Into the Gloss has been one of my daily reads for at least four years, but I’ve never loved it wholeheartedly. In fact, it’s probably that frisson of irritation that keeps me coming back day after day. Where else can you find an endless string of naturally stunning women claiming that they’re “super low-maintenance” and “don’t wear much makeup”? Or Shailene Woodley explaining that “clay is great for you because your body doesn’t absorb it, and it apparently provides a negative charge, so it bonds to negative isotopes”? Or the obviously wealthy owner of an LA juice bar attributing its beginning to “God’s grace” and not, you know, money? Or a French jewelry designer praising ’70s-influenced makeup and adding in the next breath that eyeshadow is “so outdated” and shine on the lips is “not chic”? ’70s Maybelline lady says what’s up:
But for every article on “toxins” or no-makeup makeup or chakra-attuned rose-quartz dildos, there’s a gorgeous makeup tutorial or an enlightening interview with a beauty-industry insider, and so ITG draws me back again.
The launch of Glossier in late 2014 marked a new phase in my ITG love/hate-reading.
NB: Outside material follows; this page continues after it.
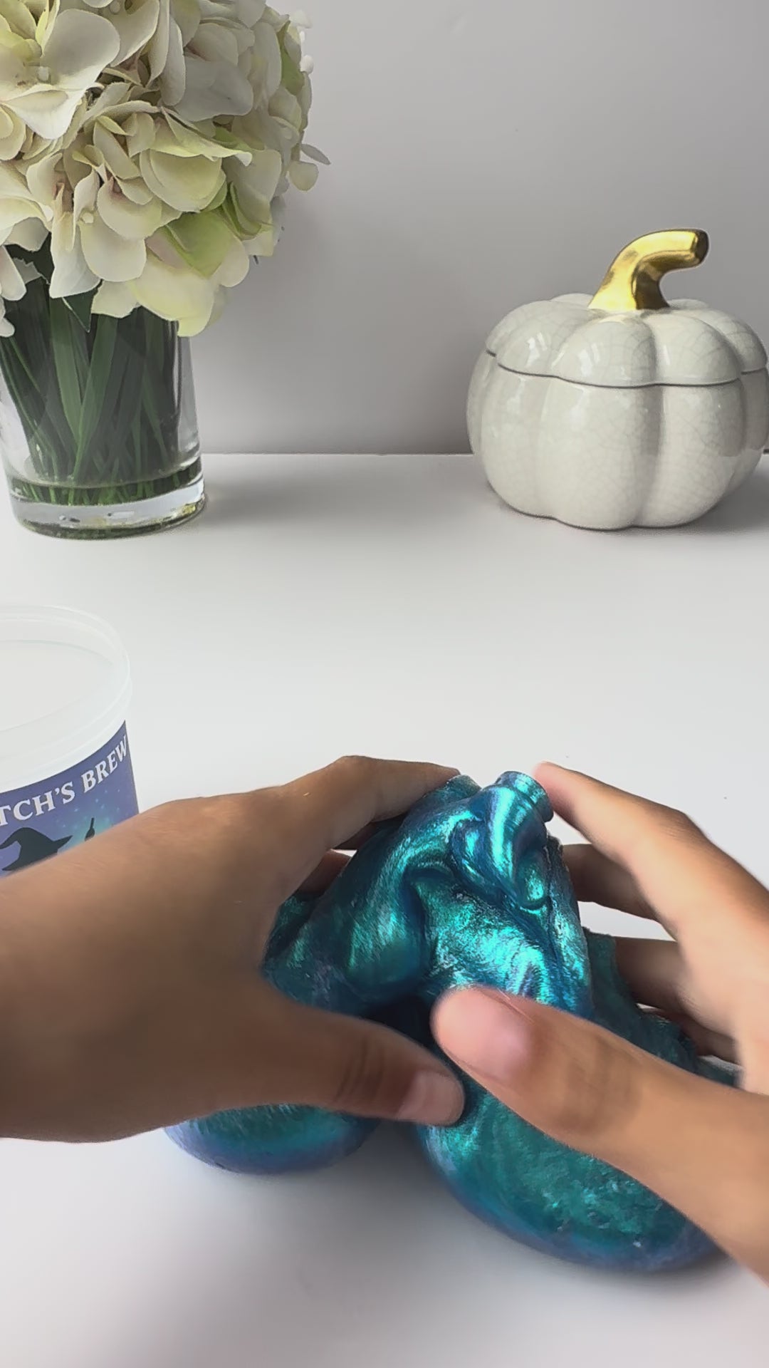 Double, double, toil and trouble! This slime is pure Halloween magic! Witch’s Brew features a clear base infused with a shimmering teal, blue, and green color-changing pigment that shifts beautifully in the light. The scent is a sweet and playful mix of candy and Sugar Kiss, making it smell just as enchanting as it looks.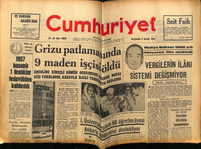 Cumhuriyet Gazetesi 2 Aralık 1965 - 1957 Basımlı Liralar Tedavülden Kaldırıldı GZ78084, en son 22 gün önce güncellenmiştir.

The website quickly metamorphosed into a Glossier advertorial, which didn’t exactly surprise me (why shouldn’t ITG promote its own products?) but, at least for a time, dampened my reading experience. As if by magic, almost all of ITG’s interview subjects—even the people living in countries where Glossier was unavailable—began singing the praises of the Perfecting Skin Tint and Balm Dotcom. ITG has since admitted that they “send out complimentary products to people we cross paths with who are inspiring to us, so they can see if they like our brand.” Again, not surprising, but I wish they’d been more transparent from the beginning. I was also put off by Glossier’s emphasis on “effortless” beauty (a concept I’ve discussed in more depth here), especially after CEO Emily Weiss revealed her pre-wedding regimen of cleanses, colonics, and microcurrent facials, all of which made her only “8/10 happy with how [she] looked.” Kudos to her for being honest, but I wasn’t the only reader struck by the disconnect between her brand and her actual lifestyle. If nothing else, it was a salutary reminder that the beauty industry is built on illusion.
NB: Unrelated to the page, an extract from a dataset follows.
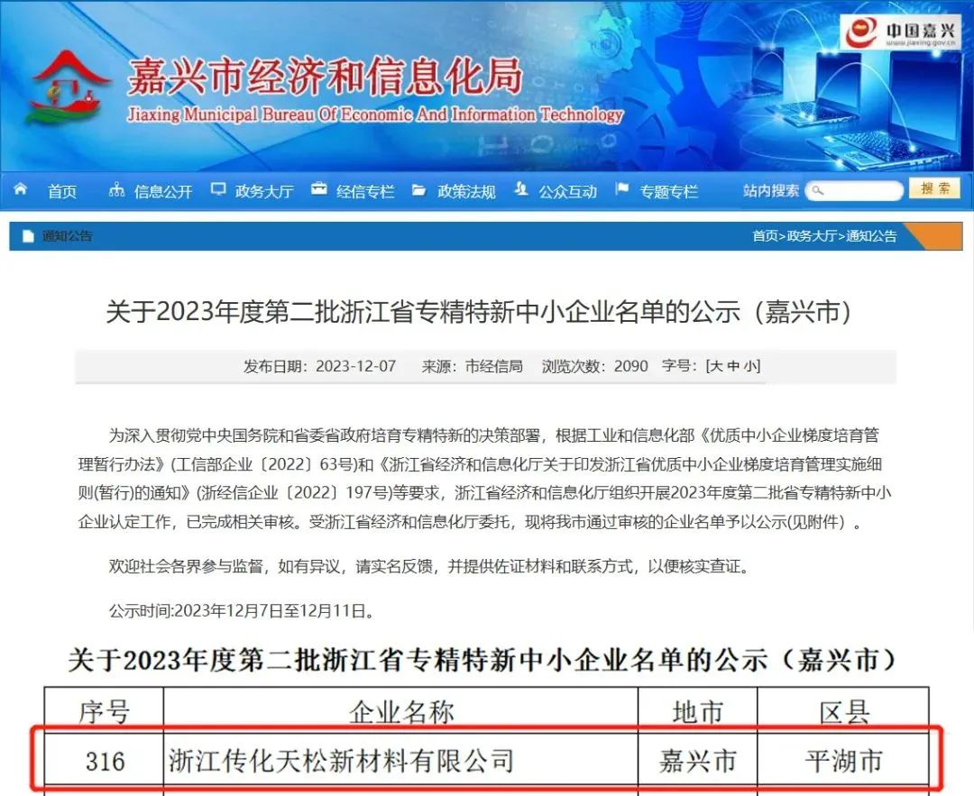 日前,受浙江省經(jīng)濟(jì)和信息化廳委托,嘉興市經(jīng)濟(jì)和信息化局發(fā)布《關(guān)于2023年度第二批浙江省專精特新中小企業(yè)名單的公示(嘉興市)》文件。

Despite my skepticism, I couldn’t deny that Glossier’s branding was on point: emoji-style stickers, three-eyed smiley faces, and that signature shade of powder pink. Had I been the sort of person to try new skincare for the hell of it, I would probably have bought something from Phase 1, but I decided to wait for Glossier’s makeup. It was a long time coming, but Phase 2 launched earlier this month. And Phase 2 contained lipstick. And in case you haven’t noticed, I really like lipstick.
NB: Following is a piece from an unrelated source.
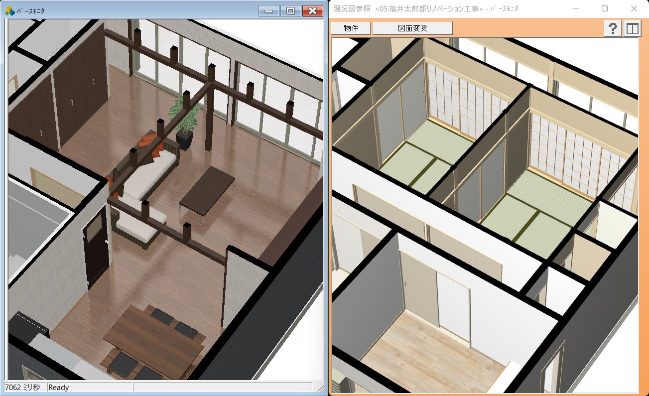・リノベーション前後の図面・パースをワンクリックで比較表示。プランの確認や施主様への提案も分かりやすく。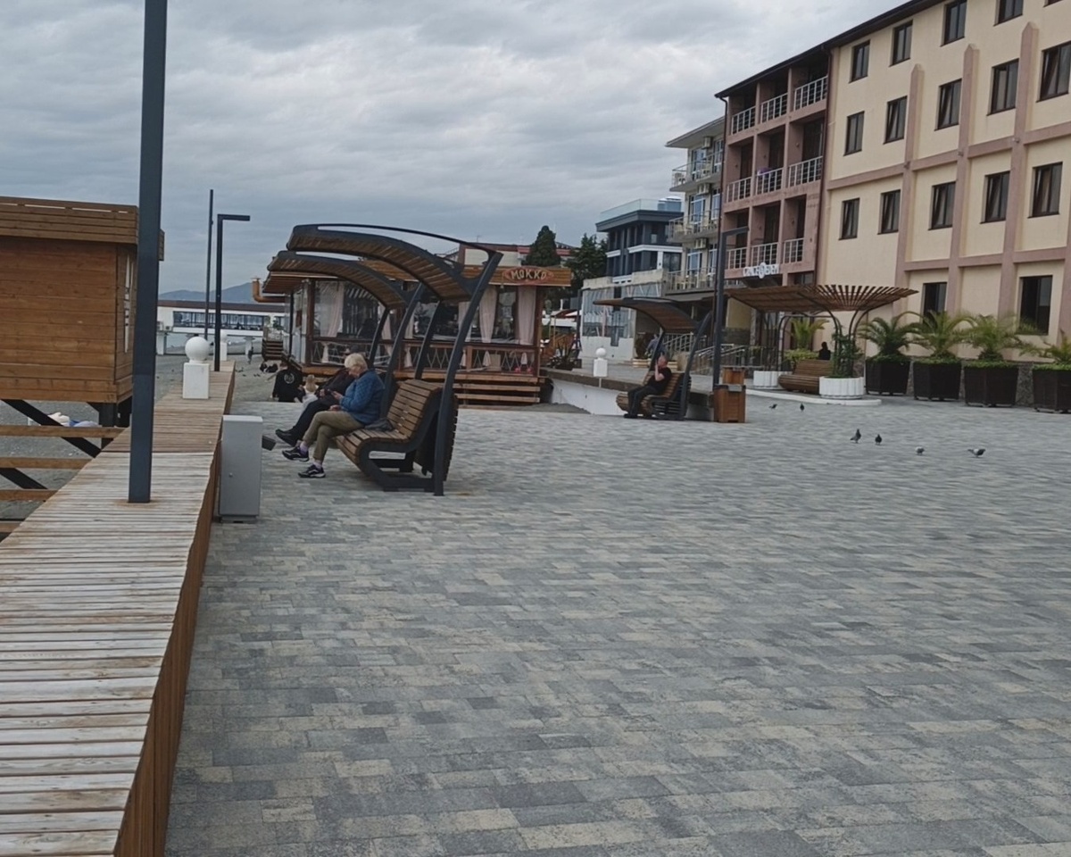 В основном, пляж галечный, но есть и песок, и мелкая галька, и крупная галька.

Glossier’s Generation G lipsticks are meant to provide sheer but matte coverage for a “soft, popsicle-stained flush.” They come in four colors: Cake, a beige; Like, a rosy pink; Crush, a raspberry; and Jam, a purple berry. Sheer lipstick is not my usual thing, but I do go through phases of wanting less-than-full-impact lip color, and I’m in one of those phases now. After watching the demo videos on the Glossier site, I felt myself drawn inexorably to Jam. I mentioned wanting it on Instagram, and guess what? Renee SENT ME ONE, along with the Glossier stickers and a tube of Balm Dotcom. I am truly #blessed. (She just reviewed Jam and Like, as well as Glossier’s new Stretch Concealer, on her own blog. Check it out!)
I am a sucker for a good box lining (see also MAC x Giambattista Valli):
So sleek, so pink:
I want to know the story behind that typeface. Also, my advisor signs his emails with a period after his name (is that a British thing?), so “Glossier.” makes me think of receiving criticism on my dissertation chapters. Great.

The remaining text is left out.